### DATA PROVIDED
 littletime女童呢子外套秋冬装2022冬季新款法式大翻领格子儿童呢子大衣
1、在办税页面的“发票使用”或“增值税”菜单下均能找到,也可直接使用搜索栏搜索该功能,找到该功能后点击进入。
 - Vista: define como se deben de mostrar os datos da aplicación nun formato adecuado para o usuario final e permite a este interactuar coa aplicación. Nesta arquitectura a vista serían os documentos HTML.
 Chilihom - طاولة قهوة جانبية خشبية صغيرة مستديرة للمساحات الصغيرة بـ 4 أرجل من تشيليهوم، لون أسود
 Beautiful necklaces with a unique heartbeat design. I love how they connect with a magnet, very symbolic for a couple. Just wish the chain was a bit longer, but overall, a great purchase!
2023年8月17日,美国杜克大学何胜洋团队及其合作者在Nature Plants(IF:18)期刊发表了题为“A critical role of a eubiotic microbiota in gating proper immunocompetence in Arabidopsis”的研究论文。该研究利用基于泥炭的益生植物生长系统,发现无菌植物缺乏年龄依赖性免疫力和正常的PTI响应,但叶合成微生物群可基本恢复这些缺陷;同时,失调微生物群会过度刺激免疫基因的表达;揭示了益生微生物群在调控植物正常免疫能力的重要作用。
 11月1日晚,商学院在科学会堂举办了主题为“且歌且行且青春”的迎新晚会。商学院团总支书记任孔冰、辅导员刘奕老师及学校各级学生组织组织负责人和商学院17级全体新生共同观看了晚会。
...
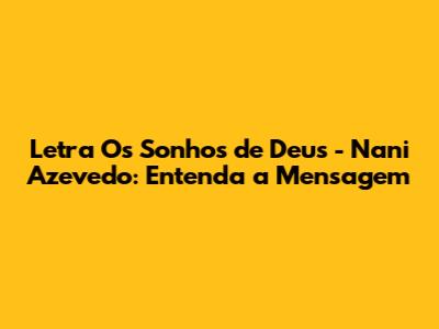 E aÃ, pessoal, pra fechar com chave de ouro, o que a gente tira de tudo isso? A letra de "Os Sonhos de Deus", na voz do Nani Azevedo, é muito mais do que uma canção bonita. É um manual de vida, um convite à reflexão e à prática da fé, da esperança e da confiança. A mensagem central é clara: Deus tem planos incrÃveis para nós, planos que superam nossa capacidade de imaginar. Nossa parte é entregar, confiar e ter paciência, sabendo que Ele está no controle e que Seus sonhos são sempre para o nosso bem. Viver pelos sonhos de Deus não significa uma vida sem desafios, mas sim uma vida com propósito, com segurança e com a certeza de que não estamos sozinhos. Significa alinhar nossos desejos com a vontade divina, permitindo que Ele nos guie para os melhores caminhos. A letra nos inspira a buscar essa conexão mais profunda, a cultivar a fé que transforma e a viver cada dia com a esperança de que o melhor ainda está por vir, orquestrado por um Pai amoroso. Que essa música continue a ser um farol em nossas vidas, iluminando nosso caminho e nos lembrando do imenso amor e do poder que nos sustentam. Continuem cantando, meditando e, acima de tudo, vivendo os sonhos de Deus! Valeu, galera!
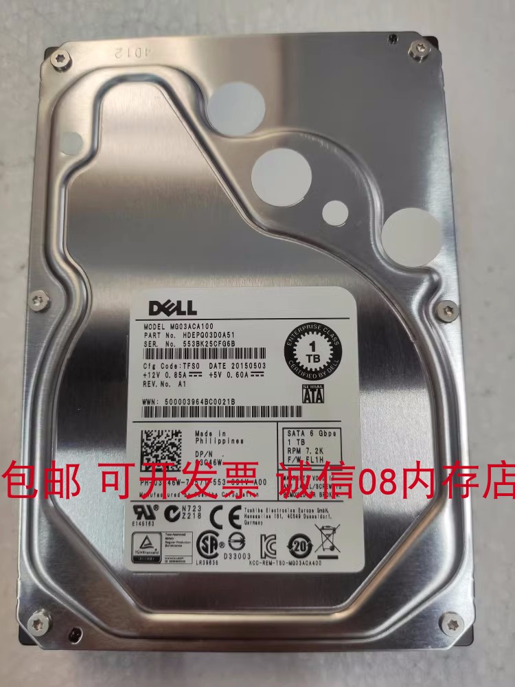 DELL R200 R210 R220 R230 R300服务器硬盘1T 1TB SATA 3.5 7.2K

### WHAT TO PRODUCE
In the listing above, find the line with "littletime女童呢子" and the line with "Beautiful necklaces with"; output exactly those lines and all lines between them.

### ANSWER BELOW
 littletime女童呢子外套秋冬装2022冬季新款法式大翻领格子儿童呢子大衣
1、在办税页面的“发票使用”或“增值税”菜单下均能找到,也可直接使用搜索栏搜索该功能,找到该功能后点击进入。
 - Vista: define como se deben de mostrar os datos da aplicación nun formato adecuado para o usuario final e permite a este interactuar coa aplicación. Nesta arquitectura a vista serían os documentos HTML.
 Chilihom - طاولة قهوة جانبية خشبية صغيرة مستديرة للمساحات الصغيرة بـ 4 أرجل من تشيليهوم، لون أسود
 Beautiful necklaces with a unique heartbeat design. I love how they connect with a magnet, very symbolic for a couple. Just wish the chain was a bit longer, but overall, a great purchase!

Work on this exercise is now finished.